> Collected material:

● ● ● ● ●

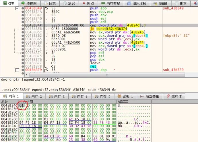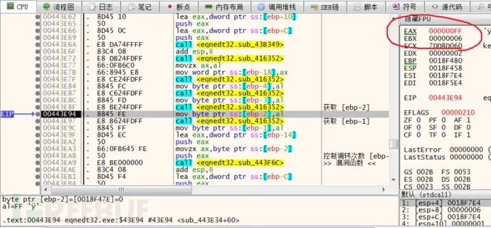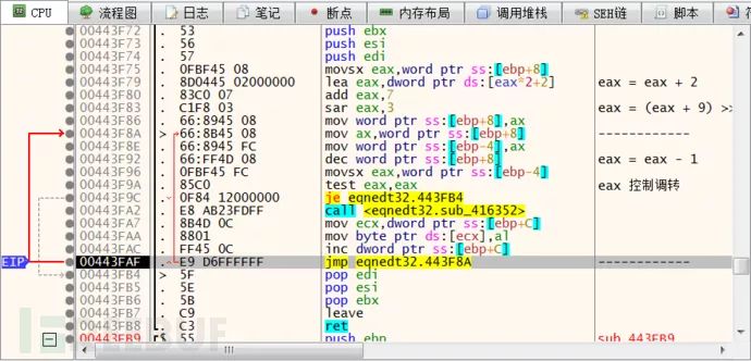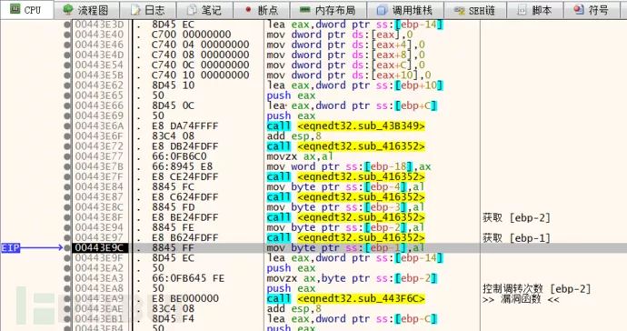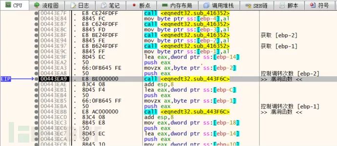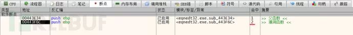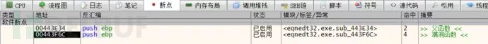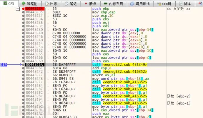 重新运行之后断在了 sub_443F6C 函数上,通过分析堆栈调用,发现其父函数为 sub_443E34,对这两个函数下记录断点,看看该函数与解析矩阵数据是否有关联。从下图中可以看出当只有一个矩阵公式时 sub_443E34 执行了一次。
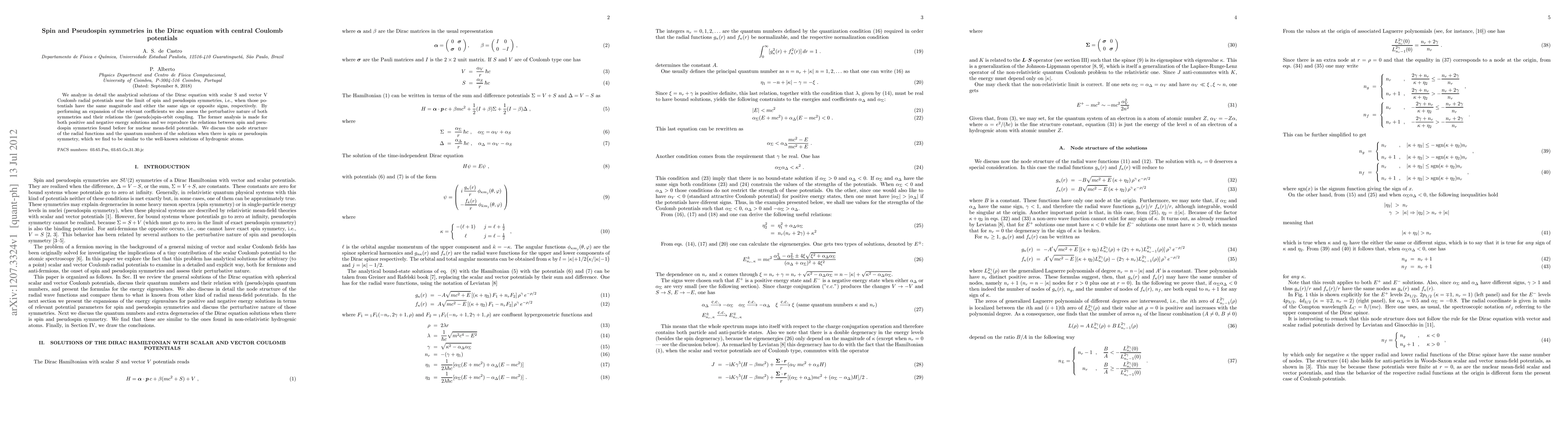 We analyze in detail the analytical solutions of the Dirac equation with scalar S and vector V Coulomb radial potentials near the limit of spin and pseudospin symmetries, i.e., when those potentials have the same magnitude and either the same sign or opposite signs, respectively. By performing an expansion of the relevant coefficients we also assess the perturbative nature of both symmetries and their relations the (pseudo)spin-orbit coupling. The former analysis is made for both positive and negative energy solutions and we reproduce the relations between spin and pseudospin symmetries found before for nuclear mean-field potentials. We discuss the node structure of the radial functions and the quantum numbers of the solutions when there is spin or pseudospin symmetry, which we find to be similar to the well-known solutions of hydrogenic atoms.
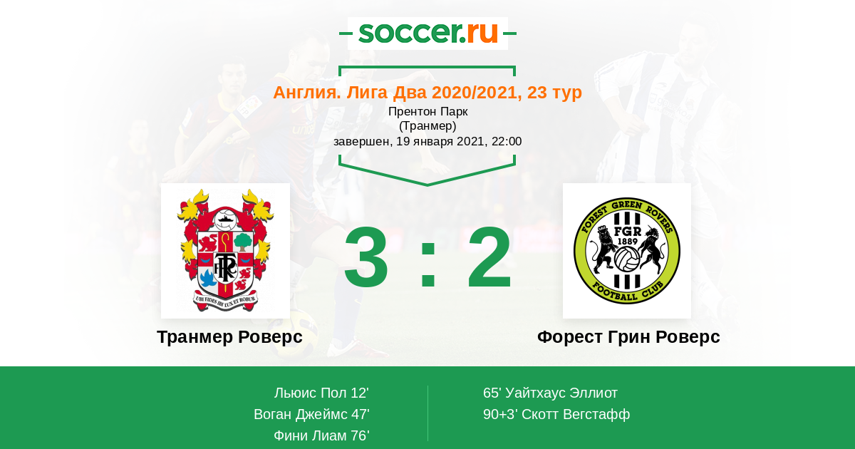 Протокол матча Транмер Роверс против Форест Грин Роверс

● ● ● ● ●

> Instructions to follow: Could the listing above be printed again in full, with every picture omitted?

> Answer box:
 重新运行之后断在了 sub_443F6C 函数上,通过分析堆栈调用,发现其父函数为 sub_443E34,对这两个函数下记录断点,看看该函数与解析矩阵数据是否有关联。从下图中可以看出当只有一个矩阵公式时 sub_443E34 执行了一次。
 We analyze in detail the analytical solutions of the Dirac equation with scalar S and vector V Coulomb radial potentials near the limit of spin and pseudospin symmetries, i.e., when those potentials have the same magnitude and either the same sign or opposite signs, respectively. By performing an expansion of the relevant coefficients we also assess the perturbative nature of both symmetries and their relations the (pseudo)spin-orbit coupling. The former analysis is made for both positive and negative energy solutions and we reproduce the relations between spin and pseudospin symmetries found before for nuclear mean-field potentials. We discuss the node structure of the radial functions and the quantum numbers of the solutions when there is spin or pseudospin symmetry, which we find to be similar to the well-known solutions of hydrogenic atoms.
 Протокол матча Транмер Роверс против Форест Грин Роверс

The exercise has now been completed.